The ten routines above are the foundational numeric layer. We have also produced an initial Phase 2 set — the signal, control and rotation kernels that surround the perception network in any ASIL-D-shaped autonomous-systems deployment, regardless of the underlying edge-compute platform.

Routine Source Total Unproved Discharge
FFTPACK forward complex FFT (full bundle) Netlib FFTPACK (public domain) 624 24 96.2%
Linear Kalman filter Welch-Bishop textbook 323 18 94.4%
PID controller (positional form) Åström-Murray textbook 242 17 93.0%
Quaternion algebra + rotation Kuipers textbook 517 76 85.3%
Phase 2 aggregate 1,706 135 92.1%

Combined Phase 1 and Phase 2 — fourteen routines, spec plus body, no manual intervention — 5,337 obligations, 188 unproved, 96.5% aggregate.

The Quaternion result (85.3%) is the lowest in either set — chains of multiplications, an in-place normalise, and a control-flow split on the zero-length guard. That gap is honestly the shape of what closure work looks like at the routine level. We discuss the route to closing that gap below.

What this means

In practice.

The closure path

From 98.5% to 100% — honest about what's left.

A close reader will notice the OWI baseline is at --level=1 discharge.

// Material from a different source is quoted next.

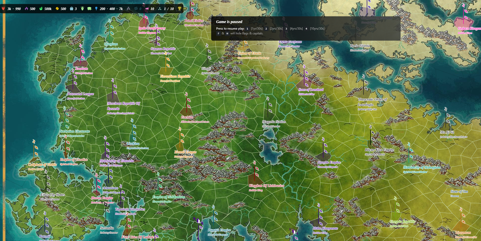 - "Population from other sources" would not affect total pop - Population growth beyond 5M would yield lower growth per turn than it should have. - Fixed 12 bugs with ideology effect presentation. Missing % etc. - Loading heraldries was bugged on steam. - Heraldries would lose color on some pages after the first war was declared - Casus Bellis effects were hidden - Trading with vassals was not possible - Discord link was broken - When starting a single-player game, choosing a manual spawn twice would hide the map the second time. - Maunal spawn map was not showing for Quakia and another 2 maps [only the province]. - There was a rare instance when you could get 2 stories instead of the 2nd chapter of a story. - There was an island on Alangakara that was incorrectly labelled as archipelago. - There were three other provinces on Alangkara with a bad tag. - There was an issue embarking on an MMO continent [misconfiguration at sim start] - There was an issue with food decay on the MMO version. - There was an issue with sim setup. It caused the embarkation bug and another issue. - There was an issue with sim destruction. - One question was tagged as multichoice when it was single-choice.

The published aerospace SPARK case studies typically sit in the 95–99% band at --level=2 with formal-methods engineers manually closing the residuals over weeks or months per module via lemmas, ghost code, refinements and Loop_Invariant tightening.

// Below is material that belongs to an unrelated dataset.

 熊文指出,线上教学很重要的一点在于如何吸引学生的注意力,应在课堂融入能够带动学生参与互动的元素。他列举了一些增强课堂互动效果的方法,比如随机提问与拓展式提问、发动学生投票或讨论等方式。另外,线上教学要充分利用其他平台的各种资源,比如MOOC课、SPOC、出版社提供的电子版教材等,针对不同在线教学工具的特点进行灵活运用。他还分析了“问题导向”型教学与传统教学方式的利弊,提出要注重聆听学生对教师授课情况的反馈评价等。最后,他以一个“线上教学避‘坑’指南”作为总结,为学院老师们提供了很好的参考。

We have deliberately not yet done that manual closure work. The OWI is a baseline — what AI-emission plus production discipline produces on day one, no human in the loop. The remaining 1–5% per routine is the part of the engineering investment that takes formal-methods specialists, and that work is industrial in shape rather than something one small company can credibly push on its own.

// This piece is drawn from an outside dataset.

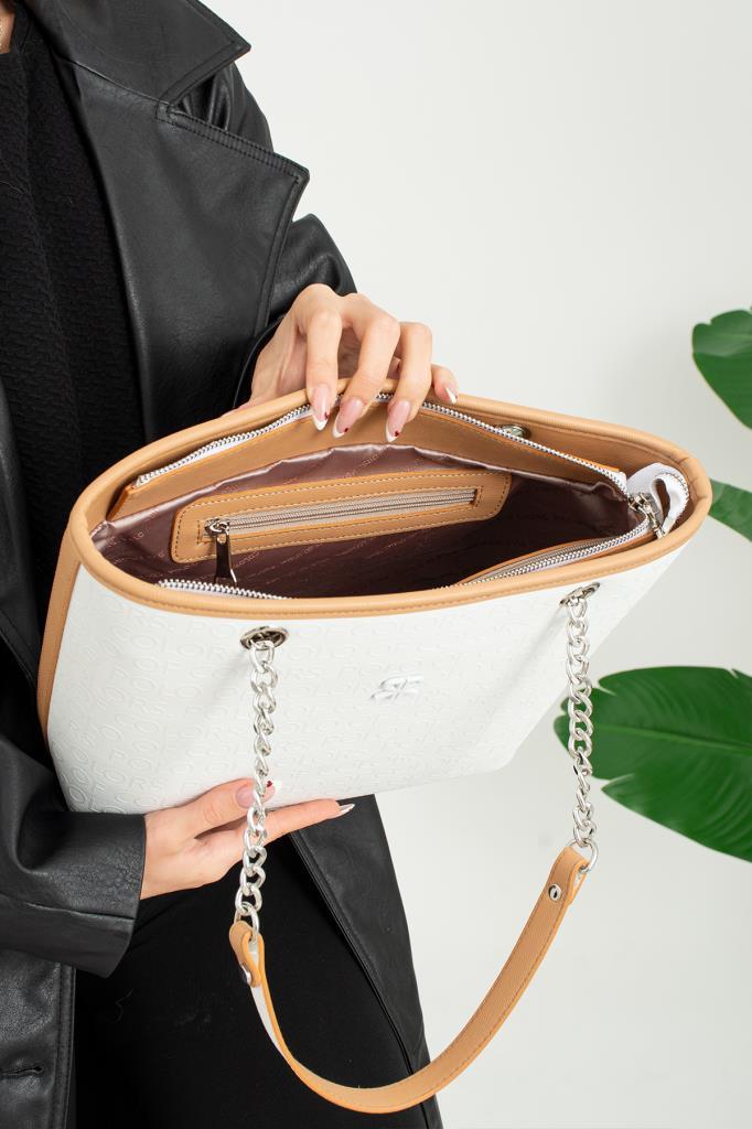ImPolo Ida Nora Beyaz Kamel Kadın Omuz Çantası Kombin Çanta26X38 Cüzdan10x13

Closure typically needs three roles in the room: the emission company (our role), a proof-engineering team carrying deep gnatprove / --level=4 and manual-closure expertise, and a customer-side certification driver whose deployment safety case makes the closure work commercially load-bearing.

We do not yet have either of those collaborators. Our only formal relationship today is the downstream-customer one with Anthropic described below. We have views on the obvious candidates and we are actively seeking the conversations that would let us scope the work properly — but until those conversations are real we will not name them here.

Relationship

A note on Anthropic.

The Dark Factory is an independent company; our relationship with Anthropic is that of a customer running their models inside our stack. We have applied to NVIDIA Inception in parallel, and we intend to support running the factory against locally-hosted models where the customer requires air-gapped operation. Claude is, for now, the best engine available; the production discipline around it is what we build.

Last measured 2026-05-23. Methodology and current canary numbers are re-run monthly and on every new frontier-model release. Page drafted with AI assistance and reviewed by The Dark Factory Ltd.